Unix developers already have a built-in macro processor, in the form
of the C preprocessor, in their compiler. Perhaps this is
what accounts for m4's relative neglect. Whatever the case may be, this
article
will show Linux users the power and usefulness of this software tool.
What is m4?
What is macro processing, and what is it good for? In their seminal work,
Software Tools, Kernighan and Plauger have a succinct
definition:
"Macros are used to extend some underlying language -- to perform a
translation from one language to another."
Thus, symbolic constants may be defined so that subsequent occurrences
of the name can be replaced by the defining string of characters,
regardless of the contents of the definition or its context. Such a
definition is called a macro, the replacement process is called
macro expansion, and the program for the process is called a macro
processor. The task performed by any macro processor is
the replacement of text by other text. A macro is defined either by
the m4 program (a built-in) or by the user. In addition to doing macro
expansion, m4 -- with functions that include other files, perform integer
arithmetic, manipulate text, and so forth -- is a perfect example of the
power
of the Unix filter concept.
The contemporary implementation of m4 on a Linux system is GNU
m4, which follows System V Release 3 m4, with extensions. I am
aware of no other version of m4 that has been ported to Linux.

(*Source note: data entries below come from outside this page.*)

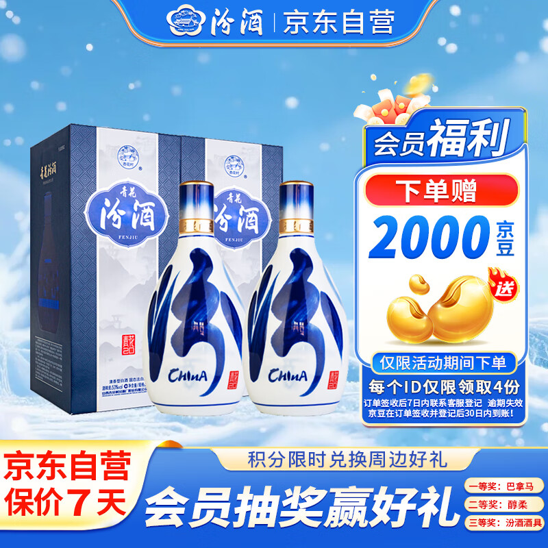 自营汾酒 青花20 清香型白酒 53度 500ml*2 双瓶含礼袋 宴请礼赠 升级版
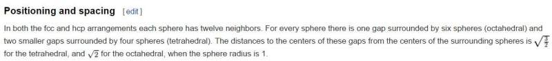 求助一个关于密堆积的问题,因为刚刚入门学晶体学的知识,好多东西都看得云里雾里的。 现在在阅读维基百科的词条,https://en.wikipedia.org/wiki/Close-packing_of_equal_spheres 其中在Positioning and spacing一栏下面,正文写道 In both the fcc and hcp arrangements each sphere has twelve neighbors. For every sphere there is one gap surrounded by six spheres (octahedral) and two smaller gaps surrounded by four spheres (tetrahedral). 主要没搞懂的是,为什么针对于每一个小球,有一个被六个小球包围的缝隙,以及另外两个较小的被四个小球包围的缝隙?这个怎么从图中可以看出来呢? 跪谢! |
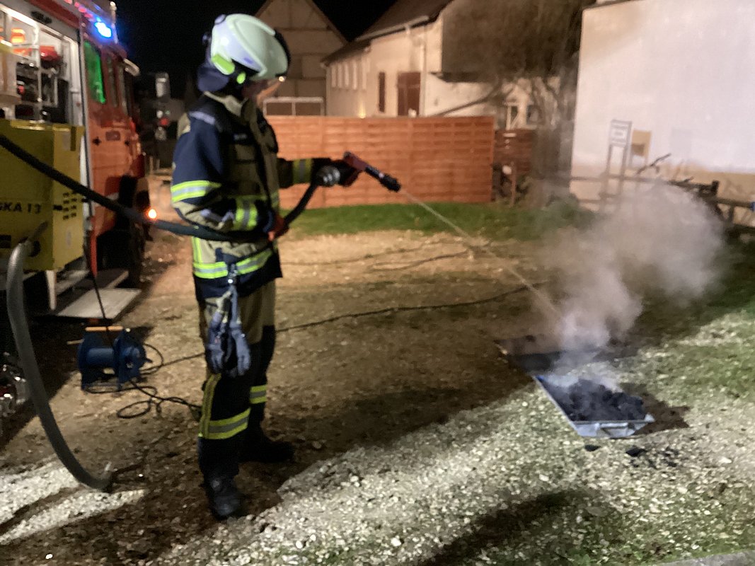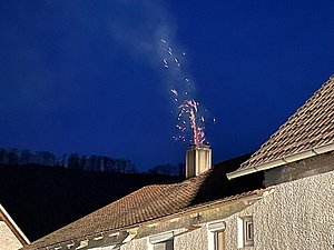 Ein Kaminbrand darf auf keinen Fall mit Wasser gelöscht werden, da durch die schlagartige Verdampfung der Kamin regelrecht gesprengt werden kann, was zu großen Schäden und einer enormen Brandausbreitung führen kann. Da keine akute Gefahr bestand, informierten wir den zuständigen Schornsteinfeger, der sehr schnell vor Ort war und den Schornstein von Ablagerungen befreite. Wir haben diese Ablagerungen nach draußen gebracht und abgelöscht. Verletzt wurde niemand.
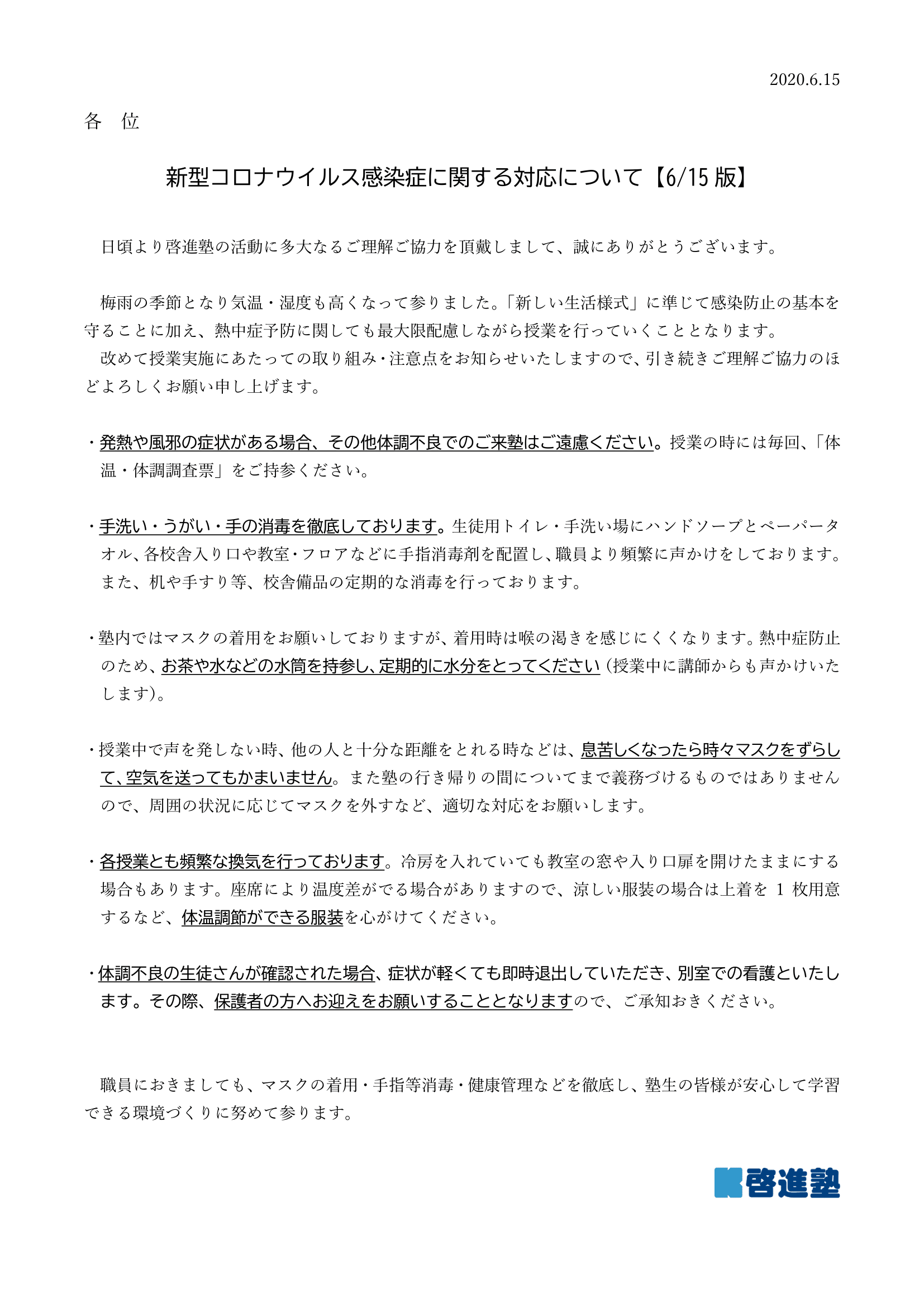 塾内でのマスク着用、手指消毒、三密を避ける等について、塾生の皆様への啓発・指導も行いつつ、状況に応じ適切な対応をして参ります。
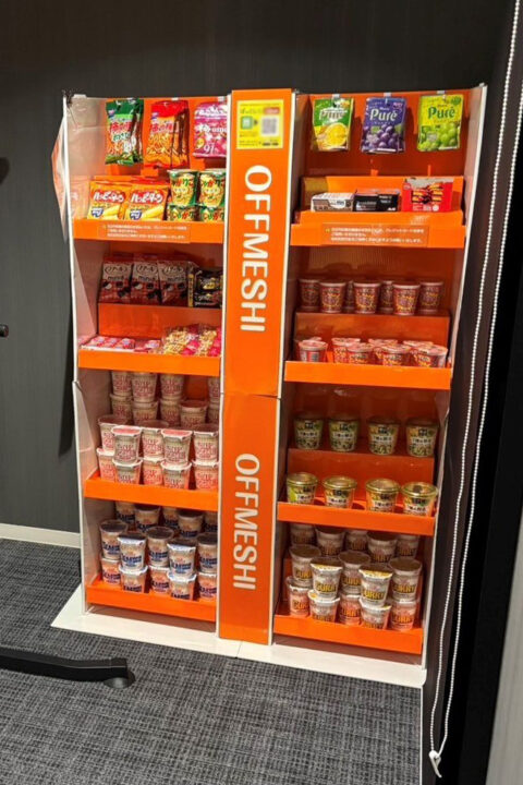 オフィスに置き社食(ミニコンビニ)を設置するサービス「オフめし」は専用工場でこしらえた味に自信のある「オフめしごちそう便」の「GOCHI-DELI(冷蔵そうざい)」、「GOCHI-弁(冷凍弁当)」や企業備蓄対策として有効な「オフめし常温そうざいイート&ストック」の他、飲料・カップ麺・パン・お菓子にいたるコンビニ商品など800以上の豊富なアイテムを卸価格で提供しています。
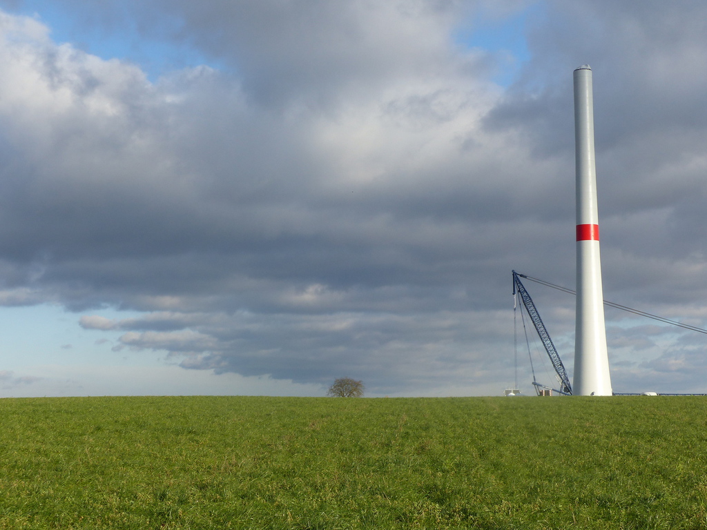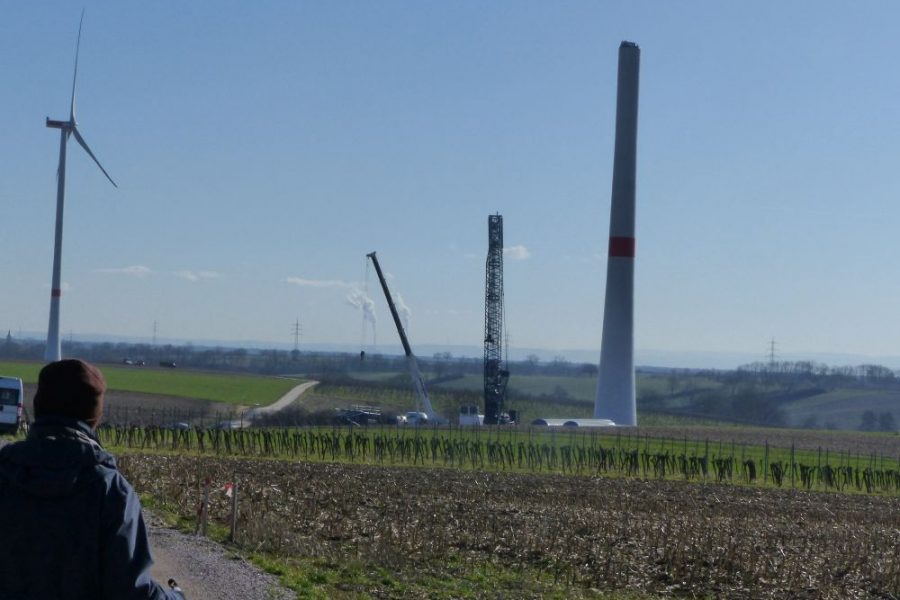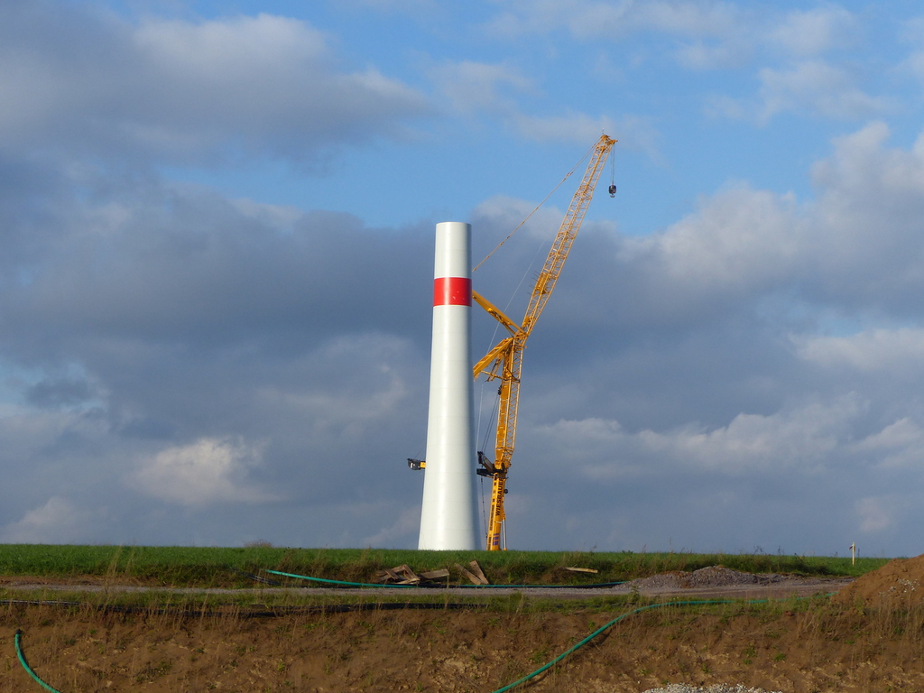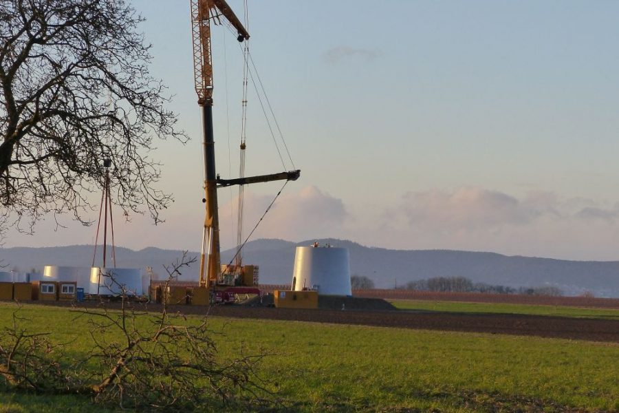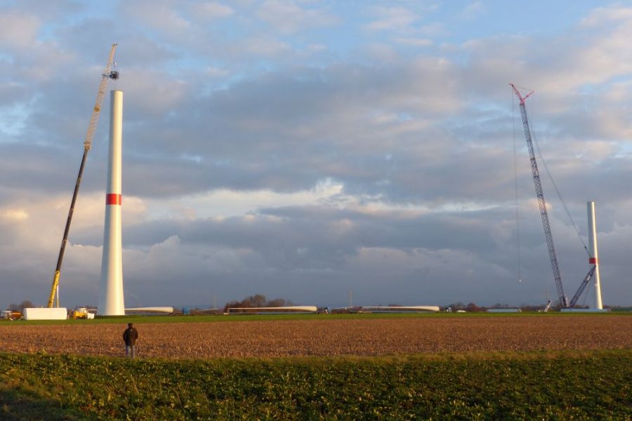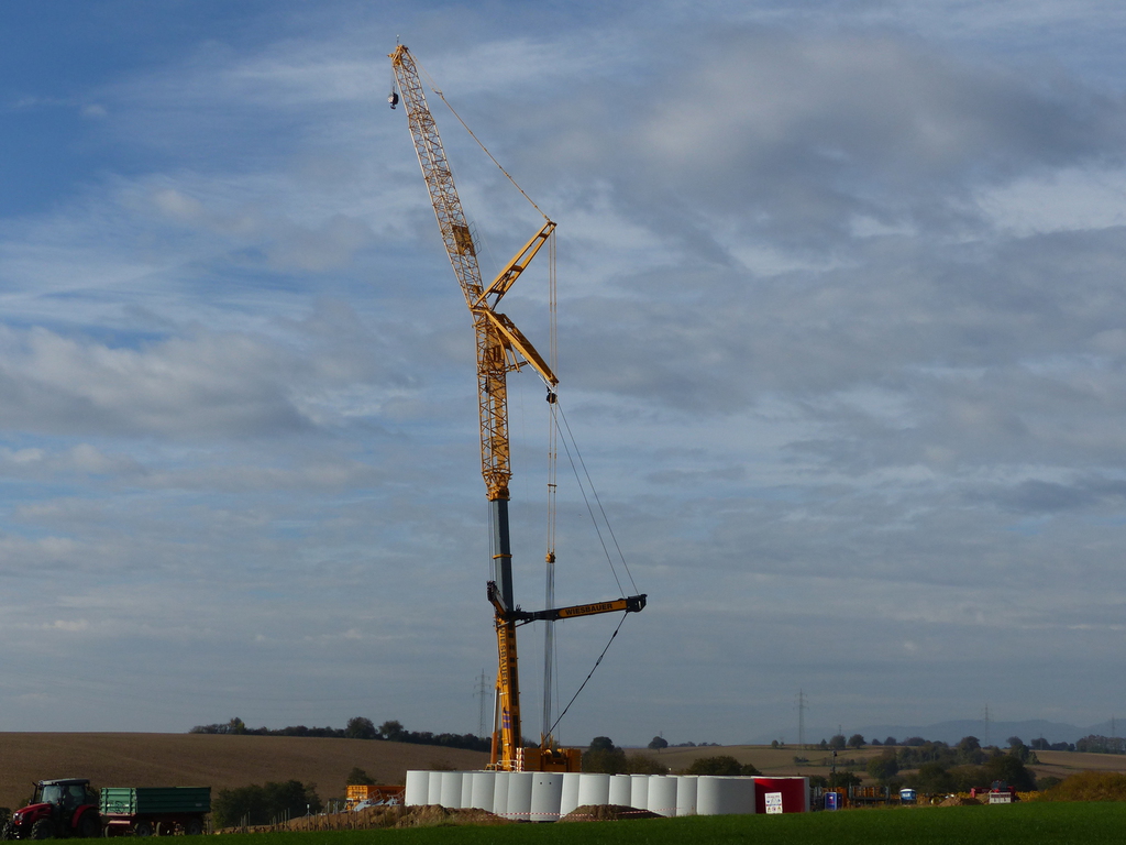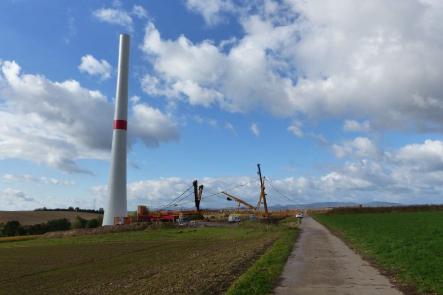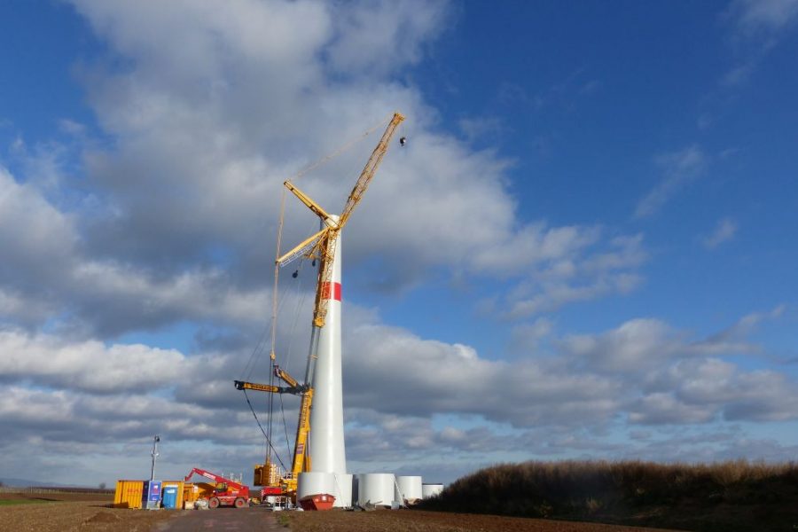 Beim FRF04, das zeitlich letzte im Bau befindliche Windrad, beginnt der Aufbau des Turms.
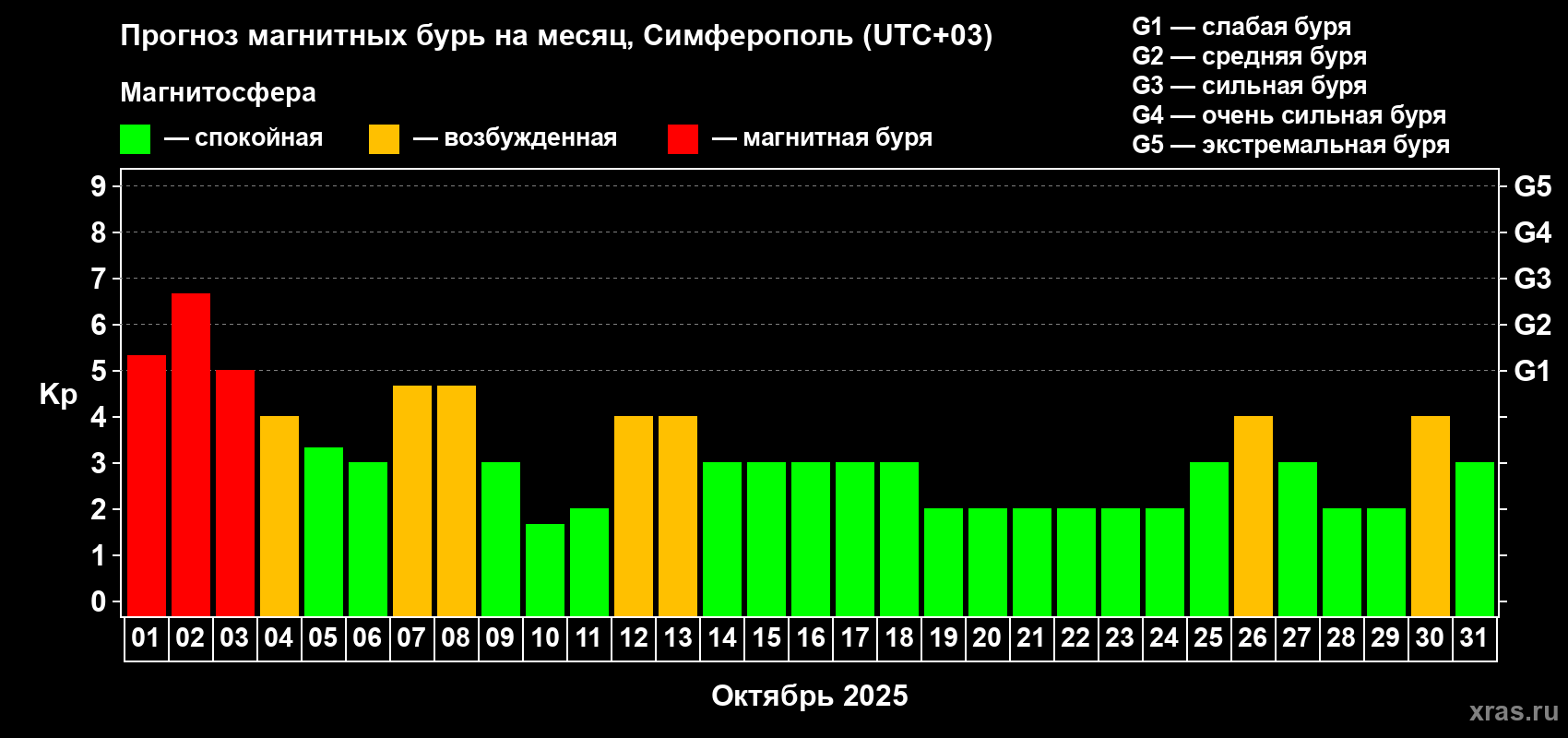Прогноз магнитных бурь в Симферополе — 1 октября 2025 года
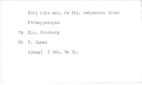 //// Sörj icke mer, de fly, bekymrens tider F örhoppningen Tx P.A, Granberg Mk F. Danzi //// Sjur^ I del. No 31.
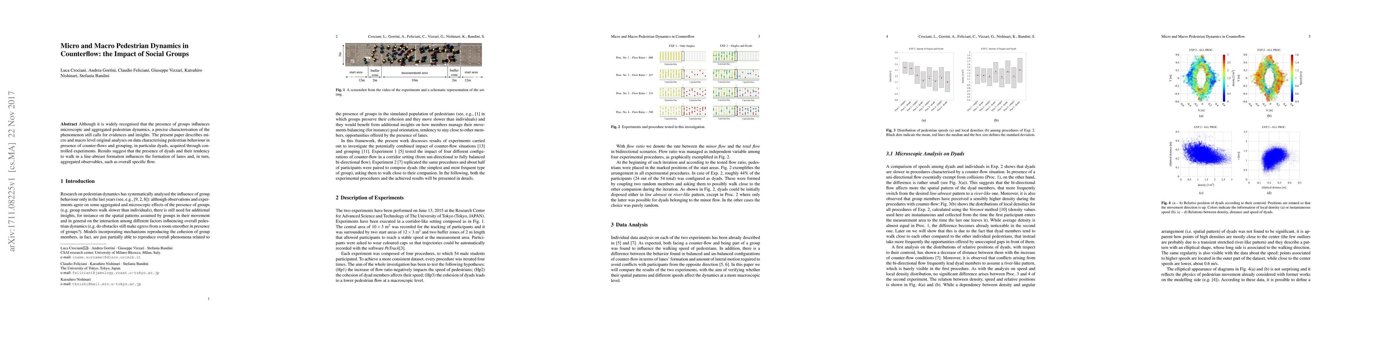 Although it is widely recognised that the presence of groups influences microscopic and aggregated pedestrian dynamics, a precise characterisation of the phenomenon still calls for evidences and insights. The present paper describes micro and macro level original analyses on data characterising pedestrian behaviour in presence of counter-flows and grouping, in particular dyads, acquired through controlled experiments. Results suggest that the presence of dyads and their tendency to walk in a line-abreast formation influences the formation of lanes and, in turn, aggregated observables, such as overall specific flow.
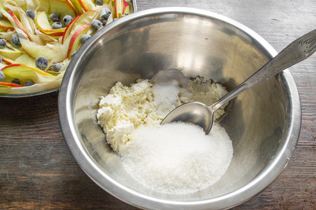 Готовим заливку. Кладем в глубокую миску творог, насыпаем сахарный песок, пшеничную муку и разрыхлитель теста. Добавляем ванилин или экстракт ванили по своему вкусу.
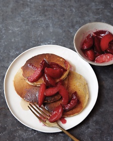 Warm butter in a cast-iron pan over medium heat. For each pancake, ladle in 1/4 cup batter and cook until bubbles appear in center and edges are set, 2 to 3 minutes. Flip and cook until golden brown, 2 minutes more. Serve with Sauteed Plums in Maple Syrup.
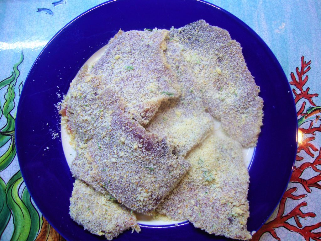 Molhe cada fatia primeiro no ovo e depois na farinha de rosca temperada à siciliana,

m4 implementations on BSD may differ slightly. However, m4 is m4, and this
article should be useful for other Unix users, too. The latest version is
1.4, which was released in October 1994.
The scanning process
As m4 reads its input, it separates it into tokens. A token is
either a previously defined name, a string, or any single character
that is not a part of either a name or string. The input is then
scanned for recognized macros. This scanning process is recursive, which
means
that scanning continues until no more macros are recognized. The transformed
input is written to the output. Macros can be built in or user-defined. A
list of built-in macros follows later in the article.
Defining macros
The most important of the built-in macros is define(), which
allows users to define their own macros. For example, define(author, defines a macro "author" -- any occurrence of which will
Paul Dunne)
expand to the string "Paul Dunne". m4 expands macro names into
their defining text as soon as it possibly can.
Quoting
The m4 quote characters are ` and '. For example,
`this is quoted'. It is often best to quote both macro name and
substitution text in a definition. This avoids any unwanted side effects,
such as an early expansion of another macro name. m4 uses commas as argument
separators; therefore, any definition that includes commas must be quoted.
Arguments
Built-in functions
m4 provides a small set of useful built-in functions. We may group
them under the following headings:
Flow control functions
m4 provides the classic "if-then" programming construct, in two
related forms.
ifdef(a,b)
defines b if a is defined, and
ifelse(a,b,c,d)
compares the strings a and b. If they match, string c is returned
as the function value; if not, string d. Actually, ifelse is
not
limited to four arguments; it can take any greater number, and it thus
provides a limited multiway decision-making capability. For example,
ifelse(a,b,c,d,e,f,g)
means that if a matches b, then c; else if d matches e, then f; else g.
Arithmetic functions
There are three arithmetic built-ins.
incr, which increments its numeric argument by one.
decr, which decrements its numeric argument by one.
eval, which performs arbitrary integer arithmetic.
Its operators are:
unary + and - |
||
** or ^ |
exponentiation | |
+ - |
||
== != < <= > >= |
equal, not equal, less than, less than or equal to, greater than, greater than or equal to | |
! |
not | |
& or && |
logical and | |
| or || |
logical or |
String functions
There are two functions for simple operations on strings of characters.
len(a)
returns the length of the string "a".
substr(s, m, n)
returns a substring from the string "s", starting at position m,
and continuing for n characters.
As a more complicated example than those we've had so far, consider
this combination of ifelse, eval, and
substr.
define(len,`ifelse($1,,0,`eval(1+len(substr($1,2)))')')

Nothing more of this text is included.